**TASK STATEMENT**
Among the entries below, retype exactly the lines starting with the one with "PREÇOS – O Indicador" and going on through the one with "Lana Grossa Ella", but not the pictures.

**SOURCE INFORMATION**
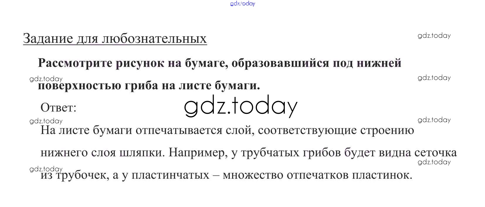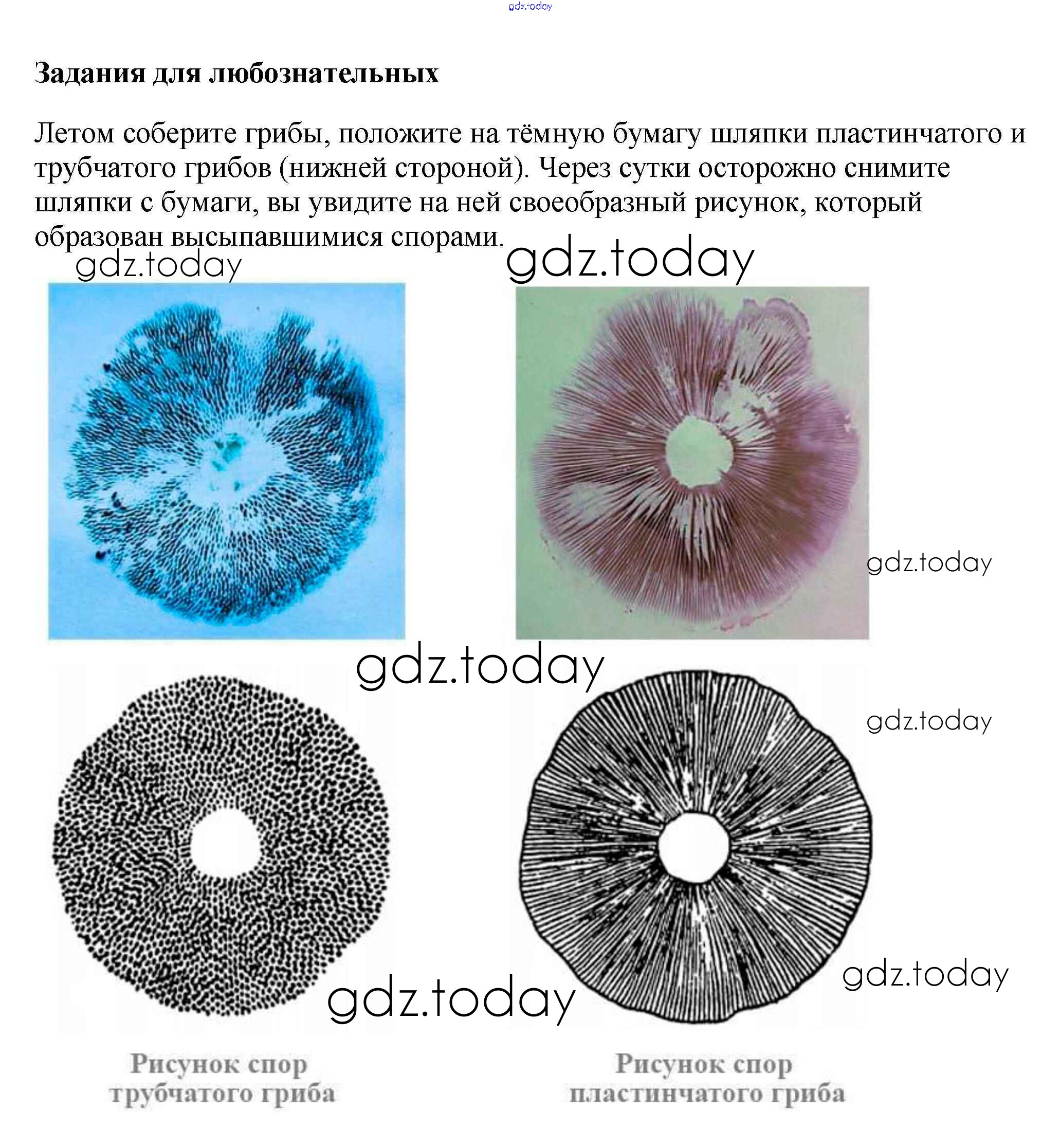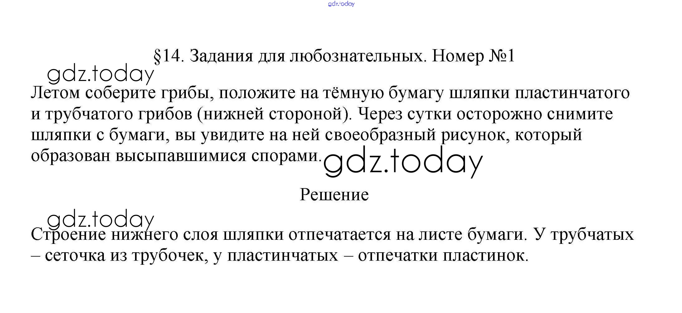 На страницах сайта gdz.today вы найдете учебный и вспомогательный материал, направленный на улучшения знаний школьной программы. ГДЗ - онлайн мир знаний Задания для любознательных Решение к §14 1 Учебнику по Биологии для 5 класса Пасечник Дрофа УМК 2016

...

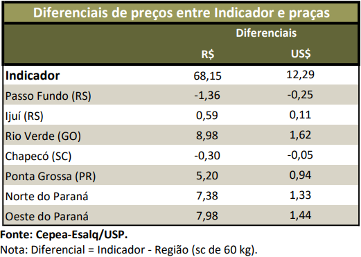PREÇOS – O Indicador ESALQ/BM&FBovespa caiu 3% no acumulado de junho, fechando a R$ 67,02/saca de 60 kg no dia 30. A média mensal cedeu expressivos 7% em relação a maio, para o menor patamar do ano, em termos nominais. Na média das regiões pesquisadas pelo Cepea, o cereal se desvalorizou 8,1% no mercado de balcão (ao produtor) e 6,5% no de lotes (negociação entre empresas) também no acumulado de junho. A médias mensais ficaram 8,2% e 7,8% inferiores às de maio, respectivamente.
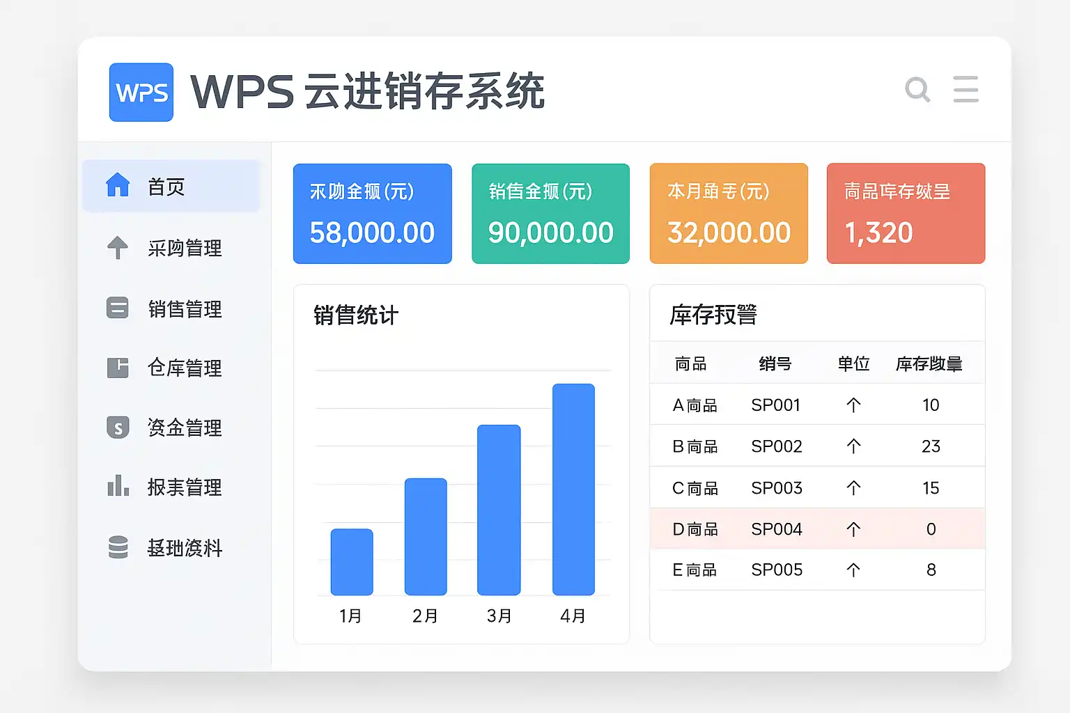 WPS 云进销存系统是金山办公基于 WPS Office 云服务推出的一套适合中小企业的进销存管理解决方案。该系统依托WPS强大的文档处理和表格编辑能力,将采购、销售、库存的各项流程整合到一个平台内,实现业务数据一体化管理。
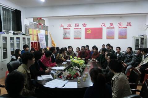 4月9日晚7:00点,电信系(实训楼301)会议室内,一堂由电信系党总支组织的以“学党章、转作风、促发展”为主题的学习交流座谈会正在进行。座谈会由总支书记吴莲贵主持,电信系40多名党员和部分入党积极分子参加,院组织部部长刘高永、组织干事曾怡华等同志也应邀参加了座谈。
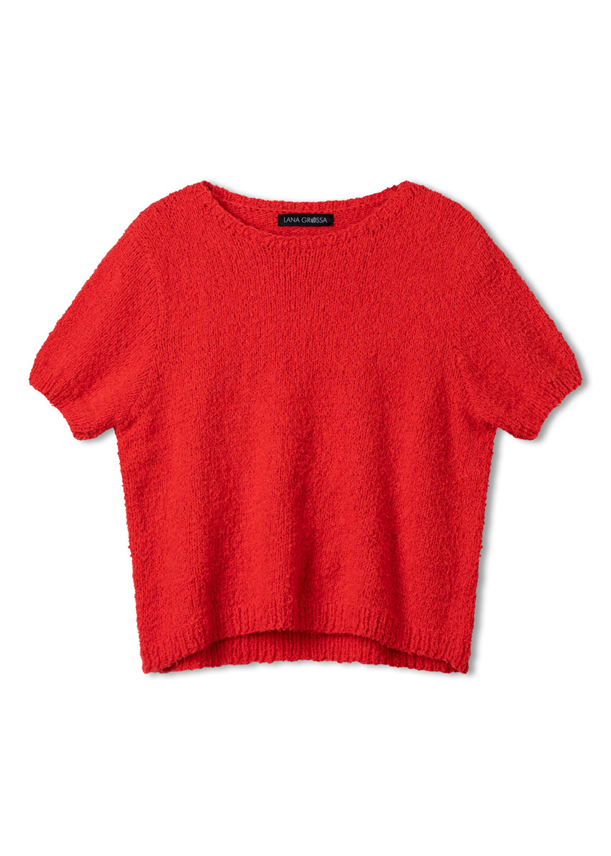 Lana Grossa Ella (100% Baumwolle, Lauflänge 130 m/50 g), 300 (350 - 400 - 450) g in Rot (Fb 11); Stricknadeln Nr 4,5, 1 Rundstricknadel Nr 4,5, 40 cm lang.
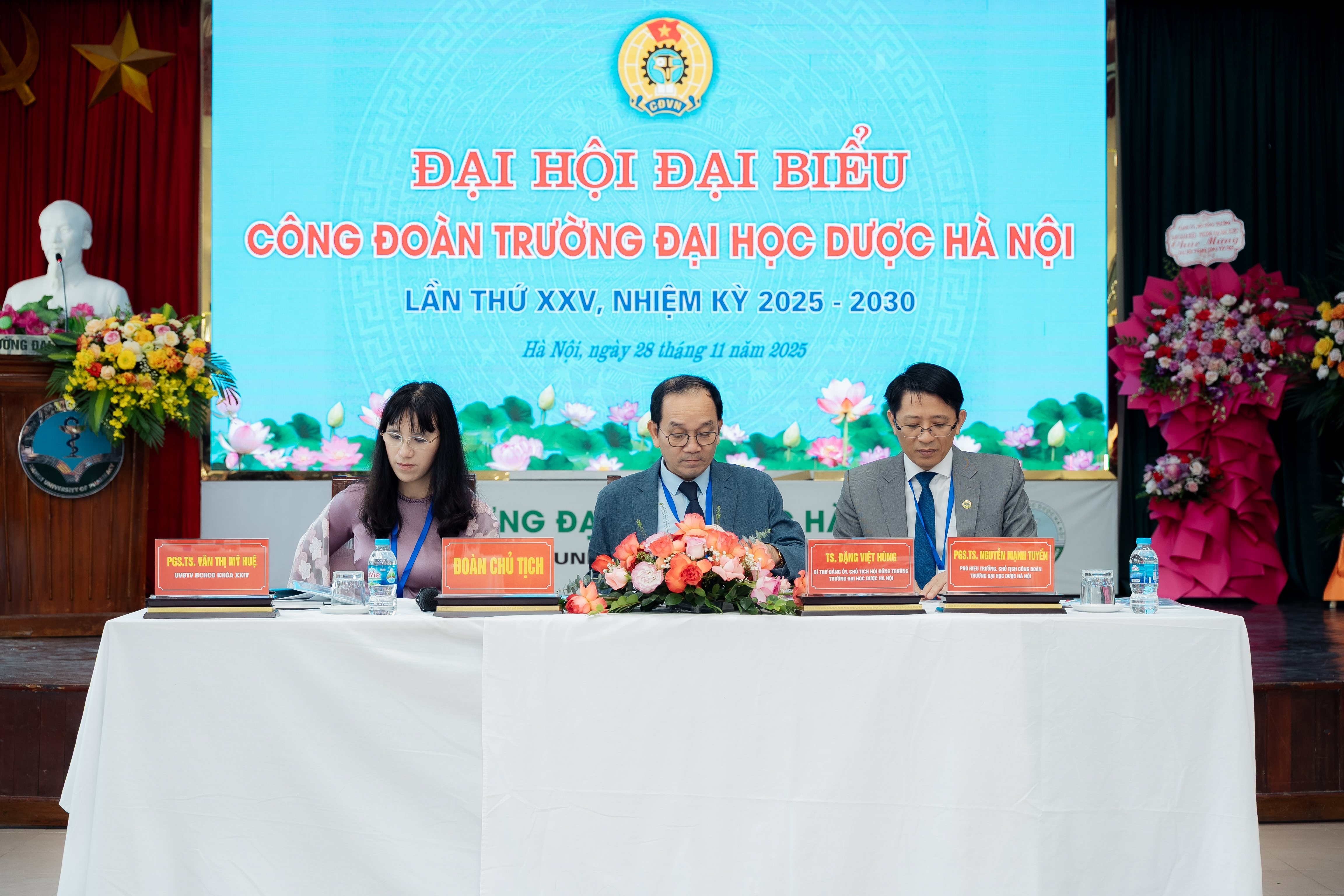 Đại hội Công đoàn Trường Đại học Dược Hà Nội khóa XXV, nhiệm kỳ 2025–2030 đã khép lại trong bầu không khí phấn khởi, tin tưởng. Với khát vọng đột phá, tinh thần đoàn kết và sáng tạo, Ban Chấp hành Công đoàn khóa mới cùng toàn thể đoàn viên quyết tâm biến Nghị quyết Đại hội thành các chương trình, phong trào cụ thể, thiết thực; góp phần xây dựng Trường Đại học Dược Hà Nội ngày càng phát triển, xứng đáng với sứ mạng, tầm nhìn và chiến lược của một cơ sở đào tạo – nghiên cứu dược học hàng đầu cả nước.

**TASK OUTPUT**
PREÇOS – O Indicador ESALQ/BM&FBovespa caiu 3% no acumulado de junho, fechando a R$ 67,02/saca de 60 kg no dia 30. A média mensal cedeu expressivos 7% em relação a maio, para o menor patamar do ano, em termos nominais. Na média das regiões pesquisadas pelo Cepea, o cereal se desvalorizou 8,1% no mercado de balcão (ao produtor) e 6,5% no de lotes (negociação entre empresas) também no acumulado de junho. A médias mensais ficaram 8,2% e 7,8% inferiores às de maio, respectivamente.
 WPS 云进销存系统是金山办公基于 WPS Office 云服务推出的一套适合中小企业的进销存管理解决方案。该系统依托WPS强大的文档处理和表格编辑能力,将采购、销售、库存的各项流程整合到一个平台内,实现业务数据一体化管理。
 4月9日晚7:00点,电信系(实训楼301)会议室内,一堂由电信系党总支组织的以“学党章、转作风、促发展”为主题的学习交流座谈会正在进行。座谈会由总支书记吴莲贵主持,电信系40多名党员和部分入党积极分子参加,院组织部部长刘高永、组织干事曾怡华等同志也应邀参加了座谈。
 Lana Grossa Ella (100% Baumwolle, Lauflänge 130 m/50 g), 300 (350 - 400 - 450) g in Rot (Fb 11); Stricknadeln Nr 4,5, 1 Rundstricknadel Nr 4,5, 40 cm lang.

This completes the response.